Programming by Demonstration for the Web Browser
This project explores programming-by-demonstration (PBD) in the web browser. We are designing the stack of components needed to build PBD applications for accessing and manipulating web data - everything from a deterministic replayer, to a tool for synthesizing relational queries from sample outputs.
Ringer: Deterministic Replay of User Actions
One of the crucial building blocks of most end-user programming systems is the ability to deterministically replay a sequence of user actions. In the context of the web, this means being able to replay events such as clicks, menu selections, and form filling actions. Although replaying a program deterministically may sound trivial, knowing when to dispatch events during replay requires overcoming some challenges. For a recorder, the execution is not fully observable. (What event did the user wait for before clicking? In what order were the browser and user events interleaved?) For a replayer, the execution is not fully controllable. (The browser does not provide the ability to reorder events arbitrarily.) And the web page itself may be different each time it is reloaded, whether because of redesigns, obfuscation, or updated data. Deterministic browser replay is impossible in the general case, but we managed to distill from several sources of non-determinism an easy-to-understand framework for which we can (i) describe assumptions under which deterministic replay is guaranteed; and (ii) design successful heuristics for situations that fall outside the replayable boundaries. Our record and replay algorithms are instantiated in a Chrome extension, Ringer, the source code of which can be found here.
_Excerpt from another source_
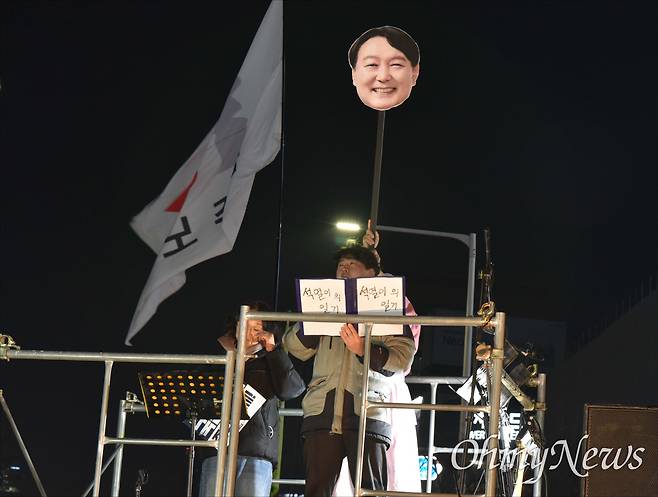 시민발언에 나선 최선민씨는 2008년 부모님을 따라 박근혜 탄핵 촛불집회에 참여했던 기억을 상기한 뒤 "그때 저는 '간절히 바라는 일이 있다면 함께 모여 초를 켜면 되는구나' 하는 것을 깨달았다. 그래서 저는 나라가 위기라고 생각해 자연스럽게 이 광장에 나오게 됐다"고 말했다.

WebCombine: Synthesis of Web-scraping Scripts from Demonstrations
As more and more data appears on the web, programmers and non-programmers alike are increasingly interested in web harvesting. Although many scraping languages have been developed to help programmers with these tasks, most end-user scraping tools have restricted users to scraping datasets in which all cells of a given row appear on a single list page, with no user interaction required. These techniques are very robust and effective, but unfortunately this model cannot accommodate even a task like scraping friends' cell numbers from Facebook, since getting from the list of friends to a given friend's cell number means clicking on a profile page, then an "About" link, and only then scraping. Building on top of our record and replay system, Ringer, we have produced WebCombine, a PBD web scraping system that allows users to scrape data hidden behind complicated user interactions. Users demonstrate how to collect the first row of the dataset, and the tool collects the rest. The WebCombine source code - and also a video demo - are available here. By demonstrating lists (introducing for loops) and recording interactions (adding to loop bodies), WebCombine users can build and run quite complicated scraping programs, without writing a single line of code.
Quicksilver: Automatic Synthesis of Relational Queries
Relational datasets have become so widespread that even end-users such as secretaries and teachers frequently interact with them. However, finding the right query to retrieve target data from complex databases can be very difficult for end-users. Many of these users resort to voicing their confusion on Excel help forums, hoping for experts' guidance, but often receiving little help and waiting days for useful responses. Quicksilver is a programming-by-demonstration system that derives queries from a small set of sample output rows. (See more details here.) It is designed to be easy and intuitive for users who are not familiar with database theory.